Published on 12:00 AM, May 22, 2018

Huge loans written off to flatter balance sheets

Banks made wholesale loan write-offs in the final quarter of 2017 in a bid to flatter their balance sheets and overall performance.

As much as Tk 1,875 crore was written-off between October and December of last year, in contrast to Tk 322 crore three months earlier.

Of the 25 banks that took the facility to clean up their balance sheets, AB Bank topped the chart writing off Tk 328 crore, followed by Prime Bank (Tk 206 crore) and IFIC Bank (Tk 152 crore), according to data from the Bangladesh Bank.

With the latest update, a total of Tk 48,192 crore has been written-off between January 2003 and 2017. Of the amount, 78.13 percent remained outstanding, meaning that banks' efforts to recover the loans did not pay off.

As of December last year, state-owned banks have written off Tk 22,615 crore and private banks Tk 23,992 crore.

Two state-run specialised banks, Bangladesh Krishi Bank and Rajshahi Krishi Unnayan Bank, have written off Tk 555 crore and foreign banks Tk 1,029 crore.

As per the BB norms, loans are written off after making adequate provisions to take advantage of tax benefits. But banks are obligated to continue their recovery efforts.

For writing off loans, banks have to file law suits with the money loan court (Artha Rin Adalat) against the defaulters and keep 100 percent provisioning.

The central bank in 2003 introduced the policy to show a decreased amount of default loans on banks' balance sheets.

The amount of written-off loans will increase significantly in the months to come if the central bank fails to halt the rising trend of loan default, said an official of a commercial bank.

Defaulted and written-off loans have simultaneously been increasing in the recent years on the back of banks' failure to prevent scams, he added.

Many banks tend to write off large amounts of default loans in the final quarter of a year to show a clean balance sheet, said Khondkar Ibrahim Khaled, a former deputy governor of the central bank.

“It is an unethical practice.”

The banks disburse the loans by taking deposits from general clients, meaning the depositors' money is not ultimately showed in the banks' financial statements due to the practice, he said.

“Written-off loans are like uncollectible loans -- the recovery of such loans is highly difficult.”
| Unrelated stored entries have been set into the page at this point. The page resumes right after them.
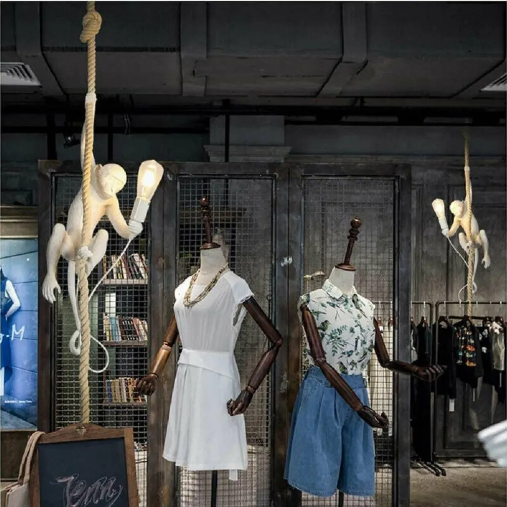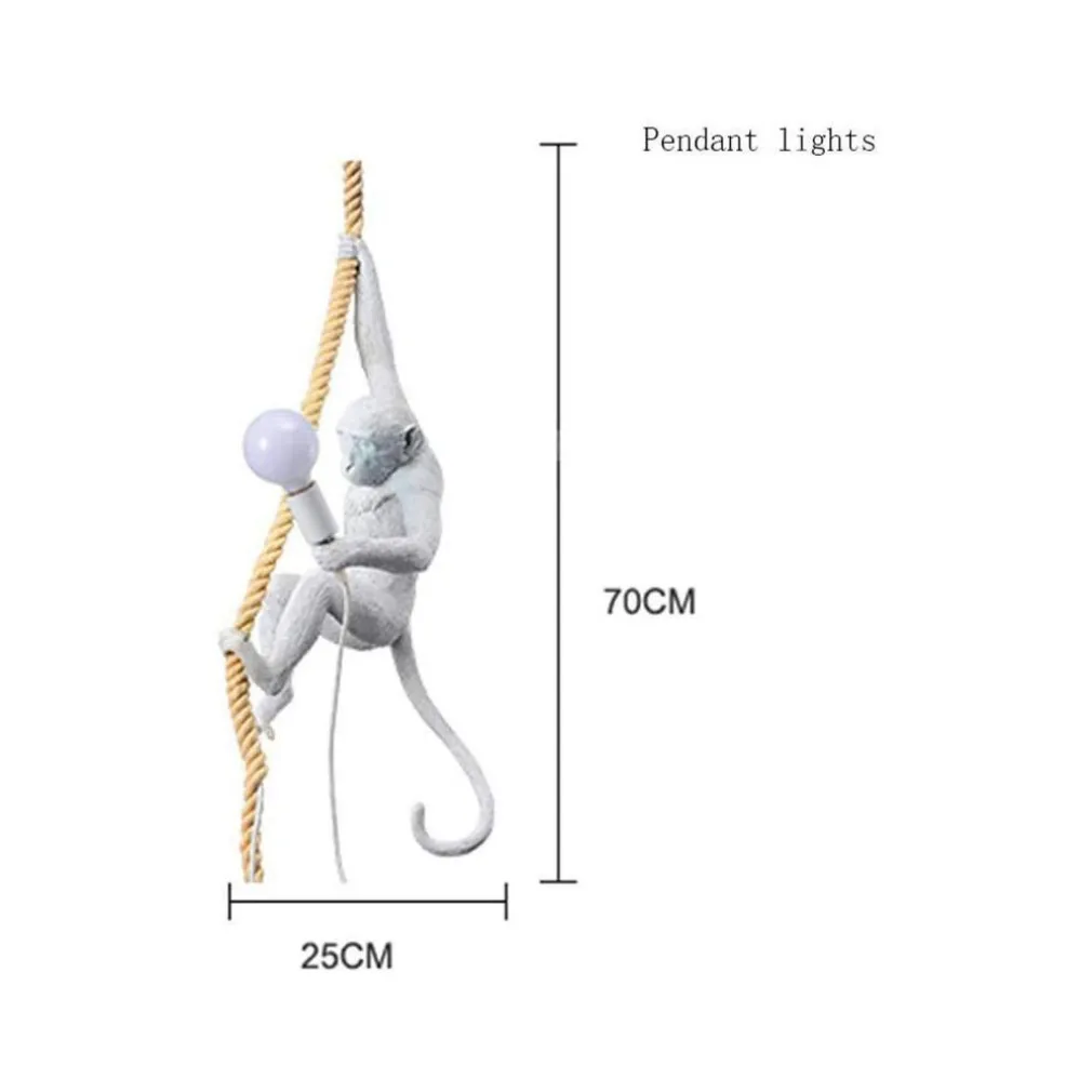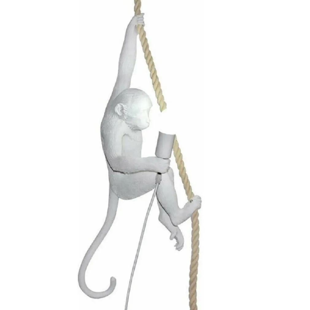 Lampadario a sospensione dal design moderno a forma di scimmia con corda in canapa. Ideale per dare un tocco di originalità alla casa.
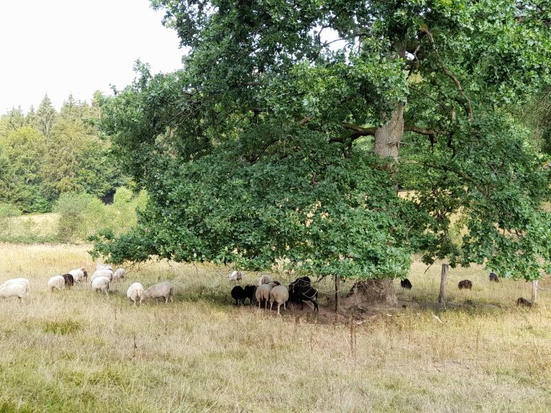 Anbei noch die Skudden - natürlich unter einer der Eichen. Unter diese dürfen sie, die ist noch stabiler. Und natürlich lieben sie die, weil sie darunter die natürliche Mast finden.
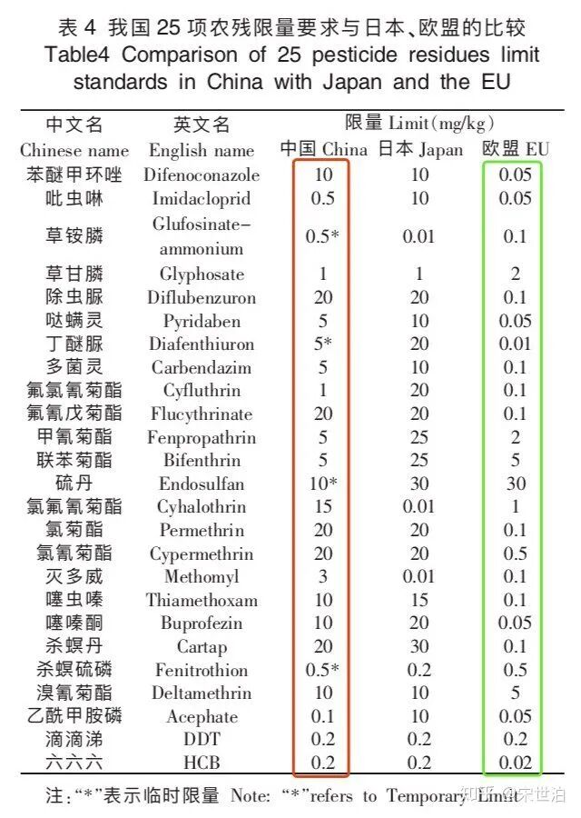 瞎子都能看出来,多数指标,中日标准比欧盟高了几十~几百倍。
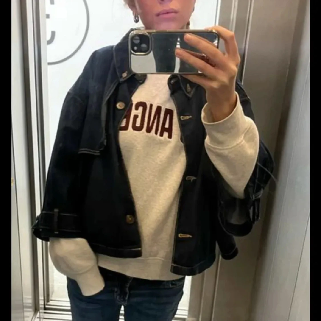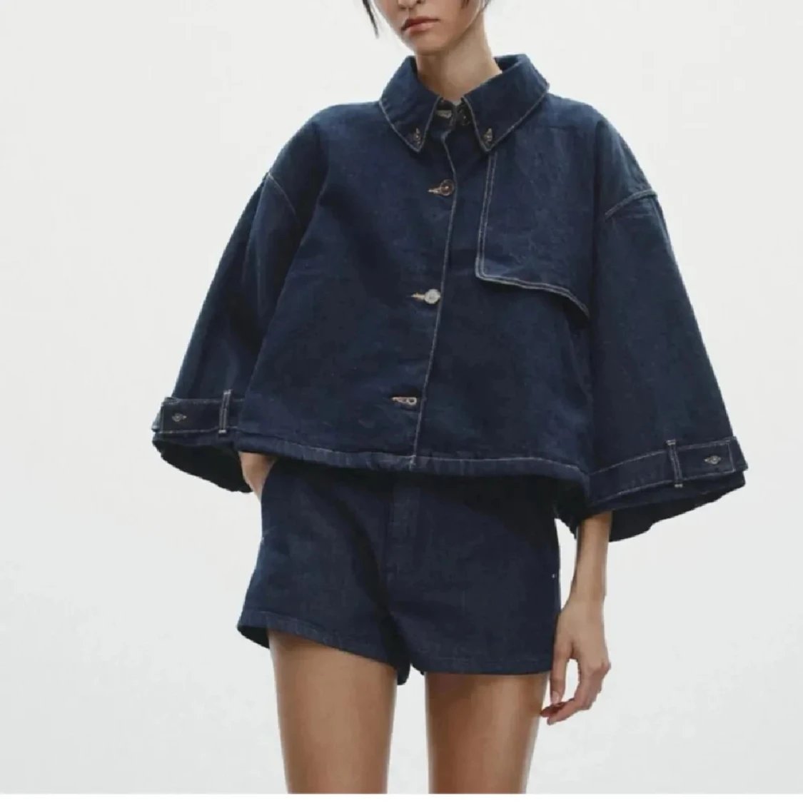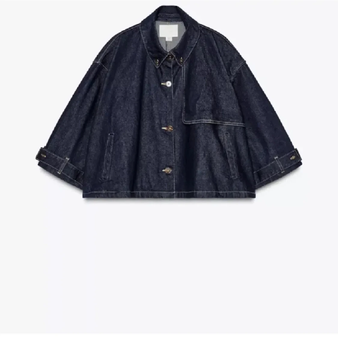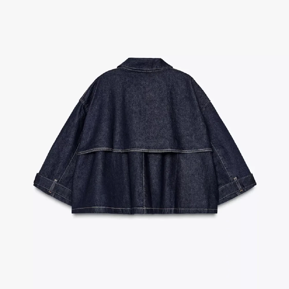 Säljer den populära jeansjackan i mörkblå denim med bred passform och trekvartsärmar från Zara. Poncho, trenchcoat, jacka. har klassisk krage, knäppning framtill med metallknappar och en unik asymmetrisk bröstficka. Från Zara slutsåld
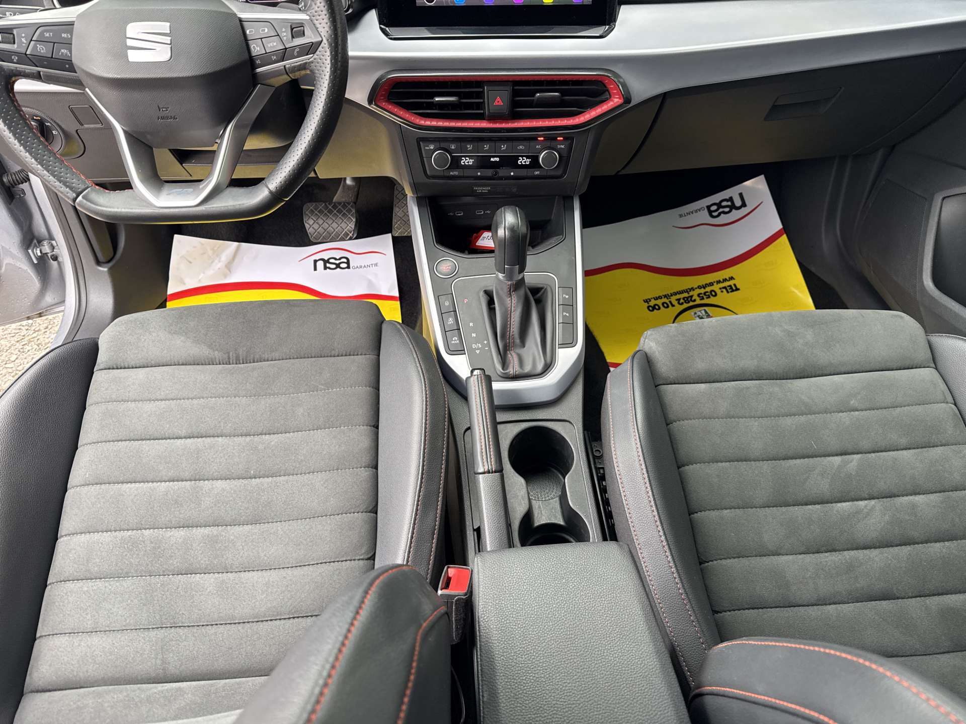 3-Punkt-Sicherheitsgurte auf allen Plätzen, 8.0" Digital Cockpit, 8.25'' Farbdisplay, Abgedunkelte Scheiben ab B-Säule hinten, Airbag: Beifahrerairbag deaktivierbar, Airbag: Fahrer und Beifahrer Airbag, Airbag: Seitenairbags und Kopfairbags vorne, Antiblockiersystem (ABS), Assist: Aufmerksamkeits- und Müdigkeitserkennung (ADA), Assist: Berganfahrhilfe (Hill Holder), Assist: Einparkhilfe hinten, Assist: Front-Assist, Assist: Licht- und Regensensor, Assist: Müdigkeitserkennung, Assist: Multifunktionskamera, Assist: Multikollisionsbremse, Assist: Spurhalteassistent Lane Assist, Assist: Tempomat, Assist: Traffic sign recognition (Verkehrszeichenerkennung), Aussenspiegel in Dachlackierung und Türgriffe in Wagenfarbe, Aussenspiegel rechts und links beheizt, elektrisch verstell-/ und einklappbar, Dach in Bicolor, Dachhimmel schwarz, Dachreling silber, Dekor: Dashbord in silber matt, Elektrische Fensterheber vorne und, Elektronische Differentialsperre (XDS), Elektronisches Stabilitäts-Programm, Fussmatten vorne und hinten, Getriebe: 7-Gang DSG, Heckscheiben-Wisch-Waschanlage mit Intervall, Heckscheibenheizung, Innenspiegel automatisch abblendbar, Katalysator geregelt, Kindersitzverankerung ISOFIX mit TopTether Vorbereitung (äussere Plätze hinten), Klima: 2-Zonen Climatronic, Lackierung: Uni-Lackierung, Lenkrad: Ledermultifunktionslenkrad, Lenkrad: Schaltwippen am Lenkrad für DSG, Licht: Bremslicht Drittes, Licht: Coming Leaving Home Funktion, Licht: Eco-LED Scheinwerfer, Licht: LED Heckleuchten, Licht: Nebelschlussleuchte, Licht: Tagfahrlicht, Luftausströmer beleuchtet weiss und rot (links und rechts), Luftausströmer in rot, Media: DAB+ (Digital Audio Broadcasting), Media: Lautsprecher 6, Media: Mobiltelefon Freisprecheinrichtung Bluetooth, Media: SEAT Connect Safety & Services für Media System, Media: SEAT FullLink, Media: SEAT Media System, Media: USB-Anschluss Typ C, Multifunktionsanzeige Medium, Paket: Komfortpaket, Polster: Stoff, Räder: Leichtmetallräder 6.5J x 17", "DYNAMIC", Räder: Reifendruckkontrollsystem, Scheibenbremsen hinten, Schriftzug "Handwriting-Optik", SEAT Drive Profile, Servolenkung, Sitze: Kopfstützen vorne und hinten, Sitze: Rücksitzlehne geteilt abklappbar, Sitze: Vordersitze höhenverstellbar, Wärmeschutzverglasung, Wegfahrsperre elektronisch, Zentralverriegelung mit Fernbedienung, Zierleisten Seitenfenster mit Alueinfassung glänzend

Subsequently, he urged banks to rein in corruption such that vested quarters cannot take loans banking on this unethical process.

Banks' writing off loans to clean up balance sheets is a common practice globally, said Syed Mahbubur Rahman, managing director of Dhaka Bank.

The recovery of such loans has become almost insurmountable as banks do not keep adequate collateral or take proper documentation from borrowers.

For instance, some unscrupulous borrowers kept the same property as collateral in different banks. “The disbursed loans have subsequently become defaulted and were written off,” said Rahman, also the chairman of the Association of Bankers, Bangladesh, a forum of private banks' chief executive officers and managing directors.

But a strong judicial system will help banks recover the written-off loans from defaulters, he added.